▸ **EXERCISE DESCRIPTION**: The data below should be transcribed in full, with no picture included.

▸ **GIVEN INFORMATION**:
==========

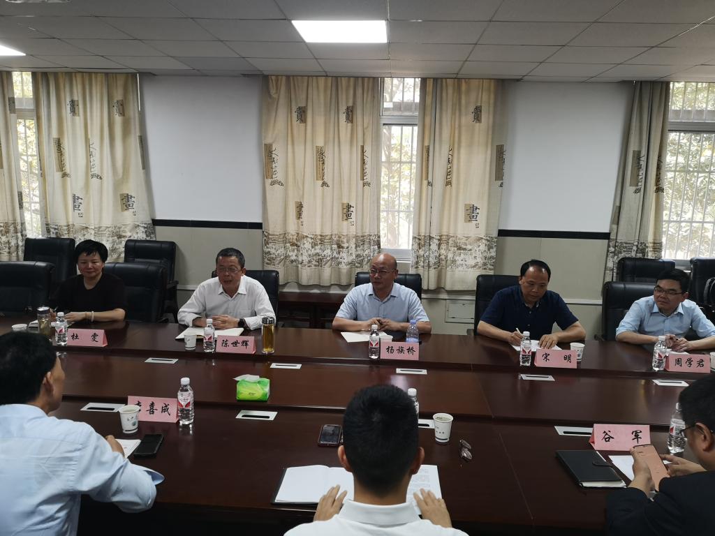 (通讯员 邹健)4 月 27 日,黄冈师范学院数学与统计学院党委书记陈世辉、院长杨族桥等一行 5 人莅临我院进行调研交流。我院党委书记李喜成、院长张涛以及学院领导班子成员热情接待了陈世辉一行,并共同参与了座谈交流活动。
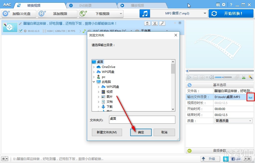 7.保存视频的设置之后,回到主界面,点击右边的这个文件夹图标,点击之后在出现的界面中选择好输出保存的文件夹位置。
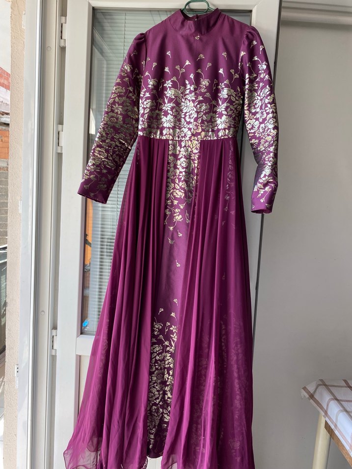 Uzun, bol kesim kadın abiye elbise, yüksek yakalı ve uzun kolludur. Parlak işlemeli çiçek desenleriyle süslenmiş, drapeli ve mütevazı bohem tarzındadır.

==========

▸ **WRITTEN ANSWER**:
 (通讯员 邹健)4 月 27 日,黄冈师范学院数学与统计学院党委书记陈世辉、院长杨族桥等一行 5 人莅临我院进行调研交流。我院党委书记李喜成、院长张涛以及学院领导班子成员热情接待了陈世辉一行,并共同参与了座谈交流活动。
 7.保存视频的设置之后,回到主界面,点击右边的这个文件夹图标,点击之后在出现的界面中选择好输出保存的文件夹位置。
 Uzun, bol kesim kadın abiye elbise, yüksek yakalı ve uzun kolludur. Parlak işlemeli çiçek desenleriyle süslenmiş, drapeli ve mütevazı bohem tarzındadır.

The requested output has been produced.